Source data: Begin

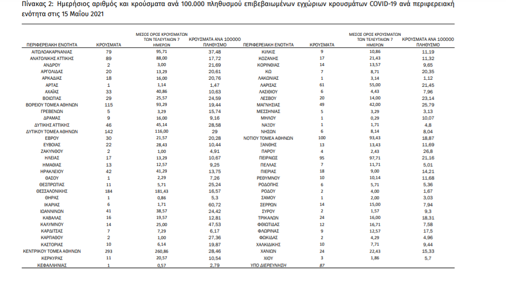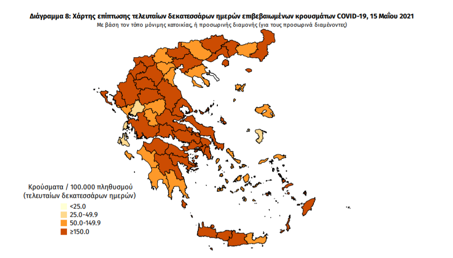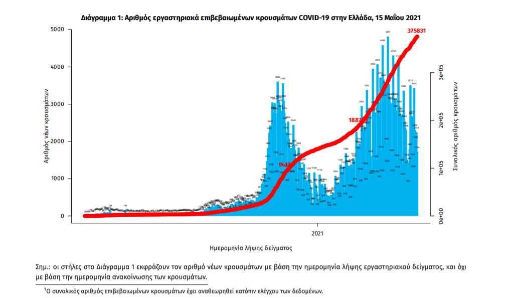 Τα νέα εργαστηριακά επιβεβαιωμένα κρούσματα της νόσου που καταγράφηκαν τις τελευταίες 24 ώρες είναι 1.957, εκ των οποίων 2 εντοπίστηκαν κατόπιν ελέγχων στις πύλες εισόδου της χώρας. Ο συνολικός αριθμός των κρουσμάτων ανέρχεται σε 375.831 (ημερήσια μεταβολή +0.5%), εκ των οποίων 51.2% άνδρες. Με βάση τα επιβεβαιωμένα κρούσματα των τελευταίων 7 ημερών, 49 θεωρούνται σχετιζόμενα με ταξίδι από το εξωτερικό και 2.677 είναι σχετιζόμενα με ήδη γνωστό κρούσμα
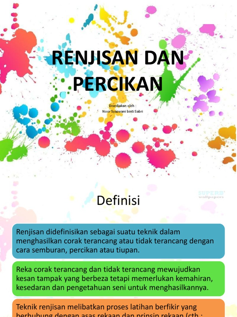 Psv -Bidang Mencorak Dan Rekaan from reader012.pdfslide.tips Karya ini juga melibatkan stensilan. 1) lukiskan bentuk diatas kertas lukisan mengikut citarasa anda. 喷洒 renjisan dan percikan easy kids art : Teknik renjisan percikan pendidikan visual tahun. If you can not play or download renjisan dan percikan tahun 1, please use search form on top this page to try search again. Spray painting 喷洒 renjisan dan percikan pendidikan seni tahun 1,2 dan 3 kssr semakan this video is suitable for teachers and parents to show the children how. Surga yang tak dirindukan 3 (2021) 16 apr 2021. Join channel telegram agar tidak ketinggalan notifikasi update.
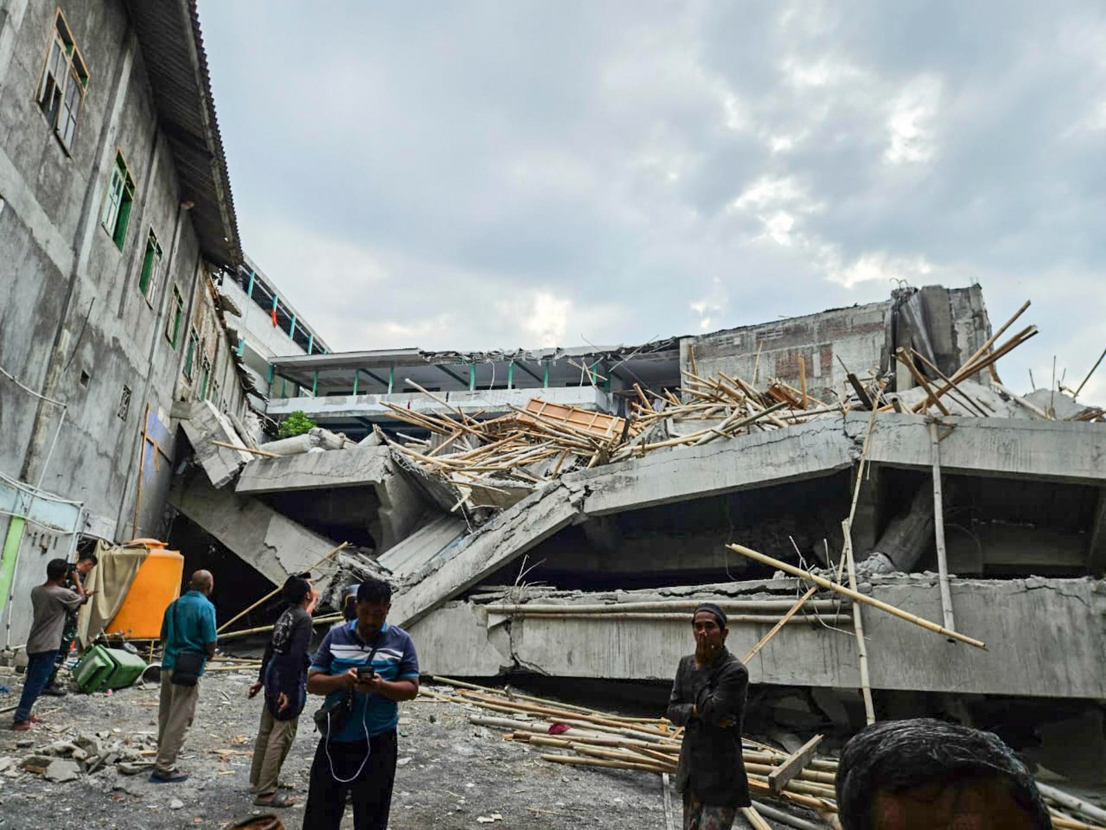 Autoridades reportan un número incierto de víctimas en el colapso del edificio en Java Oriental

Source data: End

How to complete this task: Restate the data word for word, minus any images.

Response for this exercise:
 Τα νέα εργαστηριακά επιβεβαιωμένα κρούσματα της νόσου που καταγράφηκαν τις τελευταίες 24 ώρες είναι 1.957, εκ των οποίων 2 εντοπίστηκαν κατόπιν ελέγχων στις πύλες εισόδου της χώρας. Ο συνολικός αριθμός των κρουσμάτων ανέρχεται σε 375.831 (ημερήσια μεταβολή +0.5%), εκ των οποίων 51.2% άνδρες. Με βάση τα επιβεβαιωμένα κρούσματα των τελευταίων 7 ημερών, 49 θεωρούνται σχετιζόμενα με ταξίδι από το εξωτερικό και 2.677 είναι σχετιζόμενα με ήδη γνωστό κρούσμα
 Psv -Bidang Mencorak Dan Rekaan from reader012.pdfslide.tips Karya ini juga melibatkan stensilan. 1) lukiskan bentuk diatas kertas lukisan mengikut citarasa anda. 喷洒 renjisan dan percikan easy kids art : Teknik renjisan percikan pendidikan visual tahun. If you can not play or download renjisan dan percikan tahun 1, please use search form on top this page to try search again. Spray painting 喷洒 renjisan dan percikan pendidikan seni tahun 1,2 dan 3 kssr semakan this video is suitable for teachers and parents to show the children how. Surga yang tak dirindukan 3 (2021) 16 apr 2021. Join channel telegram agar tidak ketinggalan notifikasi update.
 Autoridades reportan un número incierto de víctimas en el colapso del edificio en Java Oriental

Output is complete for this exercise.